We all know exercise is good for us — that is, unless we overdo it and end up with a sprained ankle, pulled muscle or other injury. Warming up is the best way to get your body ready for exercise. Understanding how and when to warm up can help you get the most out of your workout while minimizing injuries.
Warmups Aren’t Just for Muscles
Warming up before exercise is about much more than just loosening tight muscles. It actually revs up your cardiovascular system, gradually getting it ready to work harder. It does this by:
Dilating your blood vessels, which allows more blood to flow throughout your body and ensures your muscles have the oxygen they need to perform
Raising your body temperature for optimal muscle flexibility and breathing efficiency
Slowly increasing your pulse, which minimizes stress on your heart and lungs
If you start exercising at full intensity without a warmup period, your heart and lungs are suddenly forced to work very hard. This can put unnecessary stress on your cardiovascular and respiratory systems. By slowly and steadily increasing your heart’s output of oxygen-rich blood to your lungs and muscles, you’re safely giving your body the fuel it needs for exertion while lowering the possibility of injury.
Injury is More Likely Without Warming Up
Many injuries that occur when exercising without warming up happen in the muscles. When you start your workout without raising your body temperature and heart rate first, you’re more likely to experience muscle strain — especially in your hamstrings, calves and quads.
If your muscles haven’t warmed up or received the blood they need to perform well, they might not be as flexible or strong as they should be. Warmups help us perform better when we’re ready for activity and exercise.
Warming up also helps loosen and lubricate your joints, so you may be less likely to feel stiff and achy after working out. This is particularly true for people with arthritis or other chronic joint problems.
Tried and True Warmup Exercises
To avoid muscle strain and other injuries, focus on warming up large muscle groups (such as your hamstrings, quadriceps and glutes) as well as smaller leg muscles, such as your calves. If you’re getting ready for an upper body workout like rowing, you’ll also want to warm up your arms, biceps, shoulders and upper back.

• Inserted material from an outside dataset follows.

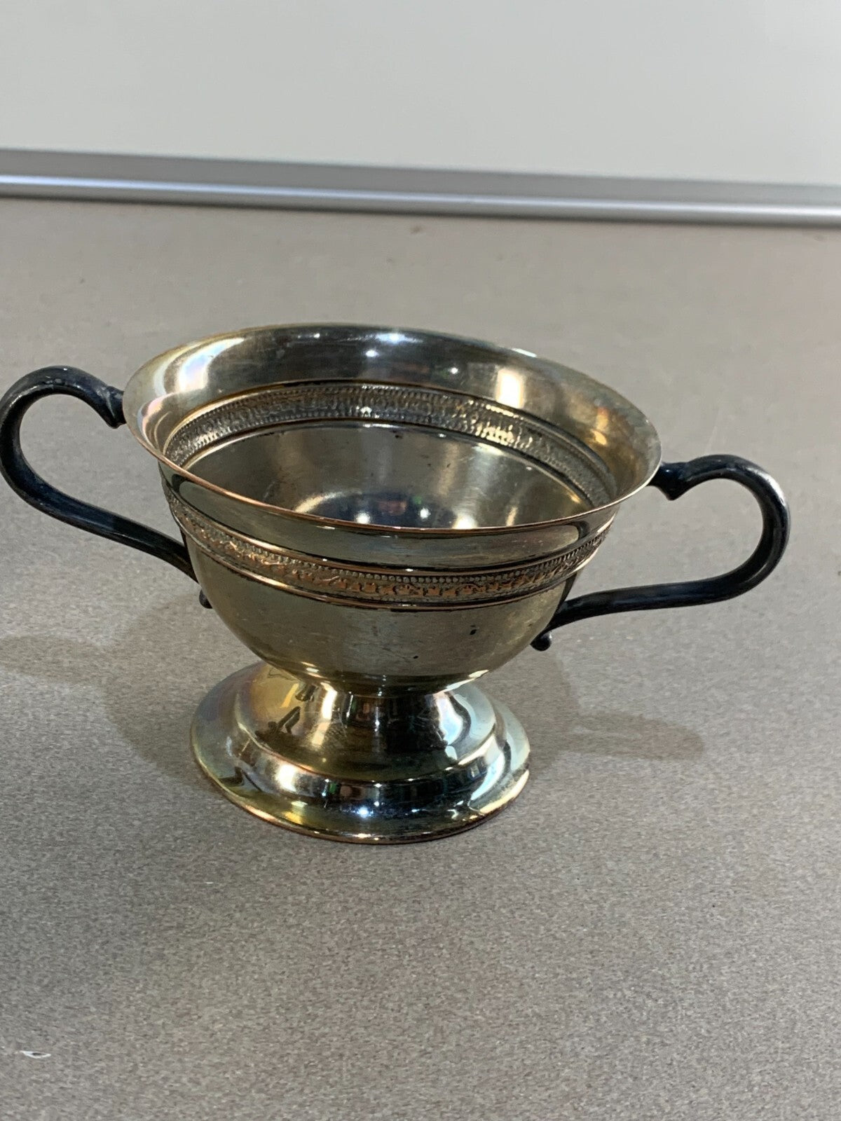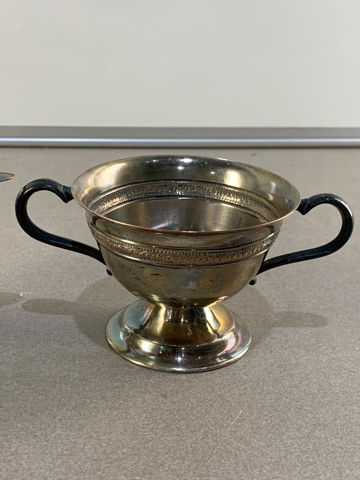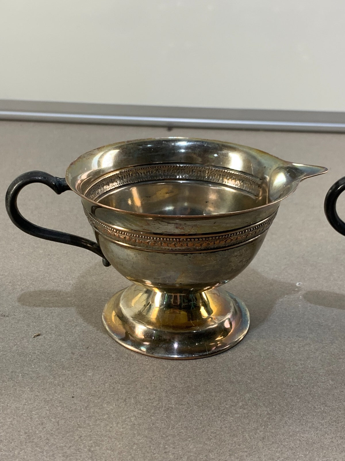 Creamer & Sugar bowl lined with copper EPO with M. Mounts rare antique

While the best way to warm up depends on the type of exercise you’re preparing to do, here are ways to get your blood pumping and mobilize your muscles:
● Gentle jogging (outdoors, on a treadmill or in place)
● Dynamic stretching, which is a movement-based type of warmup that includes arm circles, walking lunges and upper body twists
No matter which type of warmup you choose, aim for 15 to 20 minutes of gradually increasing intensity. And if you have questions or concerns about how to warm up and work out safely, don’t hesitate to check with your healthcare provider.